■ Prompt ■
Nothing in the records below should be altered in the copy, although the pictures must be left out.

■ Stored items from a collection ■
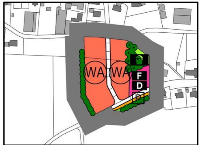
Ausschnitt Planzeichnung Flächennutzungsplan

Die frühzeitige Beteiligung der Behörden (gem. § 4 Abs. 1 BauGB) sowie der Öffentlichkeit (gem. § 3 Abs. 1 BauGB) an dieser Bauleitplanung findet in der Zeit vom 27.03.2020 bis 30.04.2020 statt. Die Planunterlagen für die 16. Flächennutzungsplanänderung (Satzung, Begründung und Umweltbericht) und für den Bebauungsplan „Prittlbach - Dorfgemeinschaftshaus“ (Satzung, Planzeichnung, Begründung und Umweltbericht) jeweils in der Fassung vom 17.03.2020 sowie eine Baugrunderkundung des Institut für Umwelt und Boden Bericht Nr. 220055 vom 03.03.2020 liegen im Bauamt der Gemeinde Hebertshausen, Am Weinberg 1, 85241 Hebertshausen während der allgemeinen Dienststunden öffentlich aus. Ein barrierefreier Zugang ist gegeben. Auf Grund der besonderen Lage (Corona-Virus) sind auch Terminvereinbarungen zur Einsichtnahme möglich.
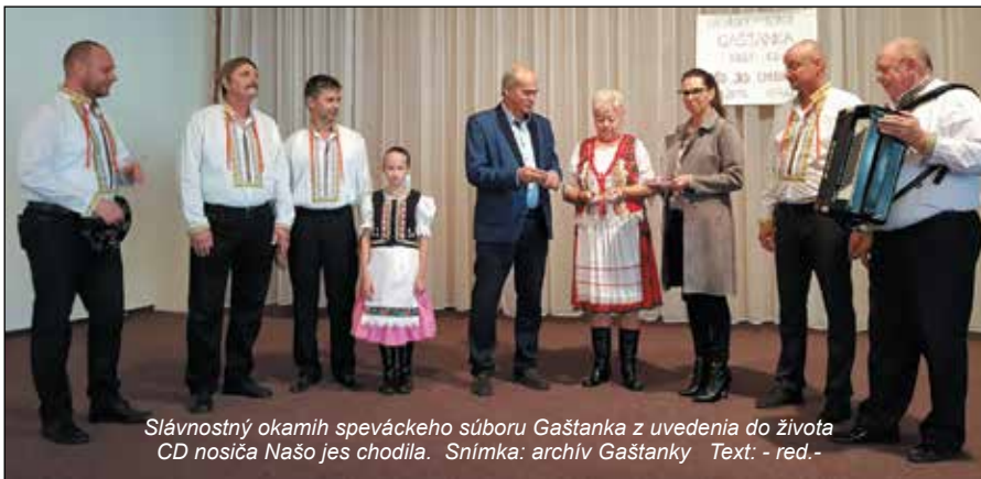
Slávnostný okamih speváckeho súboru Gaštanka z uvedenia do života CD nosiča Našo jes chodila. Text: - red.
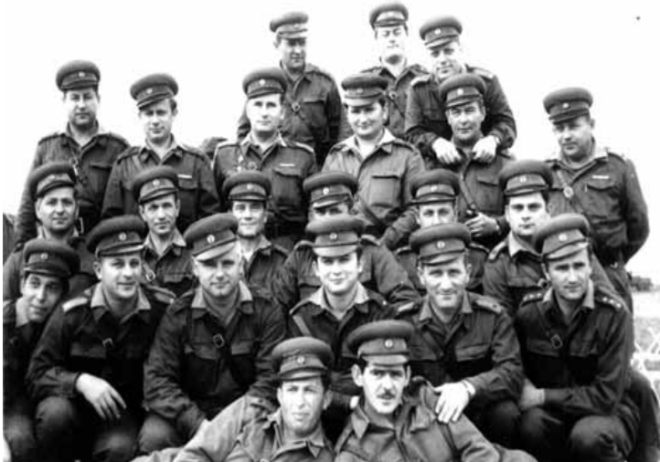
Rétsági tisztikar Léván

Az első hetekben feszült volt a helyzet. Sokan nem tudták, hogy miért is jöttek be a magyar katonák. Az idősebbek azt hitték, hogy a Felvidék ismét visszatér az anyaországhoz, de sok helyütt jellemző volt a tüntetés, a néma ellenállás. Feliratok jelentek meg a falakon és az úttesteiken, melyek a szovjet és magyar katonák kivonását követelték, s röplapokat osztottak. A Léván állomásozó ezred járőröket szervezett a környező településekre, s így sok helyen tapasztalták a nyugtalanságot. "Kimondottan ellenforradalmi fellépésre nem került sor. Az időszakos harangozás, dudálás, szirénázások, munkabeszüntetések és egy alkalommal 25 perc időtartam-
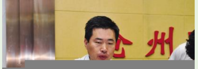
Q R S O 1 T U V W X Y
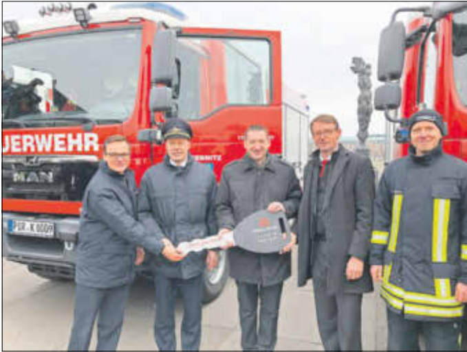
Offizielle Übergabe des HLF 10 (Hilfeleistungslöschfahrzeug) im Sächsischen Landtag an die Lichtenhainer Kameraden. Das Fahrzeug ist durch den Freistaat Sachsen beschafft und finanziert.
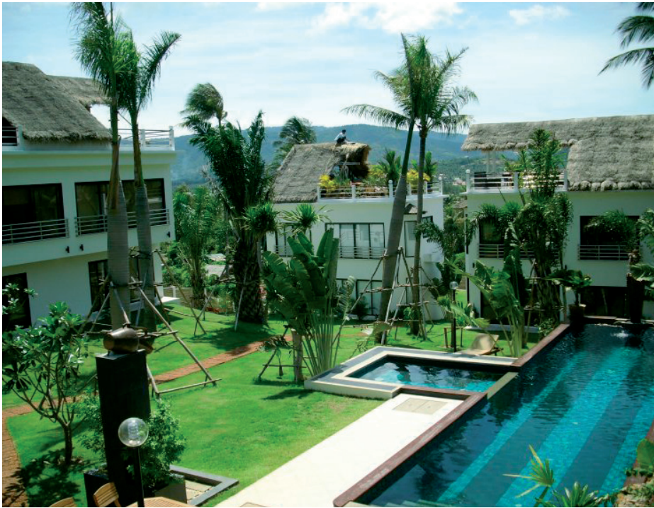
De financiële rechercheurs van het Plukteam stooten in hun zoektocht naar crimineel vermogen niet alleen op bankrekeningen en luxewagens, maar ook op vakantieparken op exotische bestemmingen.

10 euro. Men gaat over tot een huiszoe-king bij de dealer en daar treft men een pak hasjes van 500 gram aan in een specifieke gele verpakking, een precisie-weegschaal, lege zakjes én drie lege gele verpakkingen, identiek aan die waarin de 500 gram steken. Logischerwijze leidt men daaruit af dat de dealer al 1,5 kg aan de man heeft gebracht, goed voor een opbrengst van 15000 euro. Helaas is er geen geld te bespeuren – de dealer ontkent uiteraard in alle toonaarden dat hij 1,5 kg verkocht heeft – maar voor zijn deur blinkt een VW Golf die op zijn naam staat ingeschreven... Met akkoord van de magistraat mag de politie overgaan tot inbeslagname per equivalent van dat Golfke, in afwachting van de verbeurdverklaring. Dàt werkt ontradend!”

■ Exercise output ■
Ausschnitt Planzeichnung Flächennutzungsplan

Die frühzeitige Beteiligung der Behörden (gem. § 4 Abs. 1 BauGB) sowie der Öffentlichkeit (gem. § 3 Abs. 1 BauGB) an dieser Bauleitplanung findet in der Zeit vom 27.03.2020 bis 30.04.2020 statt. Die Planunterlagen für die 16. Flächennutzungsplanänderung (Satzung, Begründung und Umweltbericht) und für den Bebauungsplan „Prittlbach - Dorfgemeinschaftshaus“ (Satzung, Planzeichnung, Begründung und Umweltbericht) jeweils in der Fassung vom 17.03.2020 sowie eine Baugrunderkundung des Institut für Umwelt und Boden Bericht Nr. 220055 vom 03.03.2020 liegen im Bauamt der Gemeinde Hebertshausen, Am Weinberg 1, 85241 Hebertshausen während der allgemeinen Dienststunden öffentlich aus. Ein barrierefreier Zugang ist gegeben. Auf Grund der besonderen Lage (Corona-Virus) sind auch Terminvereinbarungen zur Einsichtnahme möglich.
Slávnostný okamih speváckeho súboru Gaštanka z uvedenia do života CD nosiča Našo jes chodila. Text: - red.
Rétsági tisztikar Léván

Az első hetekben feszült volt a helyzet. Sokan nem tudták, hogy miért is jöttek be a magyar katonák. Az idősebbek azt hitték, hogy a Felvidék ismét visszatér az anyaországhoz, de sok helyütt jellemző volt a tüntetés, a néma ellenállás. Feliratok jelentek meg a falakon és az úttesteiken, melyek a szovjet és magyar katonák kivonását követelték, s röplapokat osztottak. A Léván állomásozó ezred járőröket szervezett a környező településekre, s így sok helyen tapasztalták a nyugtalanságot. "Kimondottan ellenforradalmi fellépésre nem került sor. Az időszakos harangozás, dudálás, szirénázások, munkabeszüntetések és egy alkalommal 25 perc időtartam-
Q R S O 1 T U V W X Y
Offizielle Übergabe des HLF 10 (Hilfeleistungslöschfahrzeug) im Sächsischen Landtag an die Lichtenhainer Kameraden. Das Fahrzeug ist durch den Freistaat Sachsen beschafft und finanziert.
De financiële rechercheurs van het Plukteam stooten in hun zoektocht naar crimineel vermogen niet alleen op bankrekeningen en luxewagens, maar ook op vakantieparken op exotische bestemmingen.

10 euro. Men gaat over tot een huiszoe-king bij de dealer en daar treft men een pak hasjes van 500 gram aan in een specifieke gele verpakking, een precisie-weegschaal, lege zakjes én drie lege gele verpakkingen, identiek aan die waarin de 500 gram steken. Logischerwijze leidt men daaruit af dat de dealer al 1,5 kg aan de man heeft gebracht, goed voor een opbrengst van 15000 euro. Helaas is er geen geld te bespeuren – de dealer ontkent uiteraard in alle toonaarden dat hij 1,5 kg verkocht heeft – maar voor zijn deur blinkt een VW Golf die op zijn naam staat ingeschreven... Met akkoord van de magistraat mag de politie overgaan tot inbeslagname per equivalent van dat Golfke, in afwachting van de verbeurdverklaring. Dàt werkt ontradend!”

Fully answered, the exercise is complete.